A Bayesian approach to sample size determination for studies designed to evaluate continuous medical tests

https://doi.org/10.1016/j.csda.2009.09.024Get rights and content

Abstract

We develop a Bayesian approach to sample size and power calculations for cross-sectional studies that are designed to evaluate and compare continuous medical tests. For studies that involve one test or two conditionally independent or dependent tests, we present methods that are applicable when the true disease status of sampled individuals will be available and when it will not. Within a hypothesis testing framework, we consider the goal of demonstrating that a medical test has area under the receiver operating characteristic (ROC) curve that exceeds a minimum acceptable level or another relevant threshold, and the goals of establishing the superiority or equivalence of one test relative to another. A Bayesian average power criterion is used to determine a sample size that will yield high posterior probability, on average, of a future study correctly deciding in favor of these goals. The impacts on Bayesian average power of prior distributions, the proportion of diseased subjects in the study, and correlation among tests are investigated through simulation. The computational algorithm we develop involves simulating multiple data sets that are fit with Bayesian models using Gibbs sampling, and is executed by using WinBUGS in tandem with R.

Introduction

Medical tests are used to accurately classify individuals into one of several groups.
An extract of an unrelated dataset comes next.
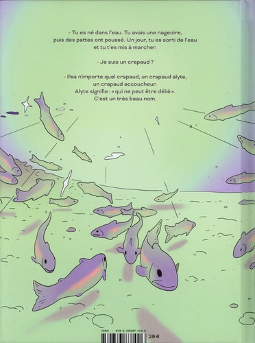 Soudain, un vacarme vrombissant déchire le crépuscule. Lorsque revient le silence, un crapaud gît sur le bitume. Regroupant ses dernières forces, il porte son chapelet d'oeufs jusqu'aux eaux salvatrices de l'étang - et du seul oeuf indemne éclot un têtard orphelin : Alyte est un survivant. A peine né, et déjà il faut se battre ! échapper aux oiseaux, aux ours et autres dieux du monde de la rivière. Heureusement, un saumon lui montre comment se servir des courants et déjouer les pièges. Ce saumon s'appelle Iode, c'est son premier ami. Plus tard, Alyte rencontrera un chevreau et un aigle ; un hibou, et enfin Axon, le plus vieil arbre de la forêt. Chacun d'eux lui parlera du monde à sa façon, l'éveillant à ses beautés. Et bientôt viendra le temps pour Alyte de prendre soin, à son tour, d'un nouveau chapelet d'oeufs. Il lui faudra alors, comme son père avant lui, franchir la léthalyte. Cette ligne droite qui traverse la forêt et gronde à l'approche des animaux. Cette ligne noire qui les fauche sans raison, face à laquelle le minuscule Alyte n'a presque rien à opposer, sinon son immense soif de vie. Après Le Discours de la panthère, Jérémie Moreau continue son exploration du sauvage qui vit à nos côtés, aussi proche qu'invisible. Parmi la multitude de drames qui s'y jouent, il choisit de mettre en scène le plus redoutable : celui de la confrontation avec un monde humain absurde et aveugle, sa violence mortifère, sans but et sans égards. Avec Alyte, un Jérémie Moreau toujours plus virtuose invite son lecteur à changer son rapport au vivant et entrer, comme ce valeureux crapaud, en résistance.

In the two-group classification problem that we consider here, one or two tests are used to distinguish between two groups of individuals, which, for ease of discussion, we will refer to as a “diseased” (D) group and a “non-diseased” (D̄) group. One phase in the development of a new medical test involves characterizing the test’s ability to accurately discern D from D̄ individuals in the target population. The accuracy of a continuous test can be quantified by first defining a cutoff threshold, c, for a positive test, and then estimating the sensitivity, η(c), and specificity, θ(c), of the test at that cutoff. The parameter η(c) denotes the probability of a diseased individual having a positive test result at cutoff c, and θ(c) is the probability of a non-diseased individual having a negative result. Without loss of generality we adopt the usual convention that test scores (y) are expected to be larger for the D group, so that η(c)=Pr(y>c|D) and θ(c)=Pr(y<c|D̄).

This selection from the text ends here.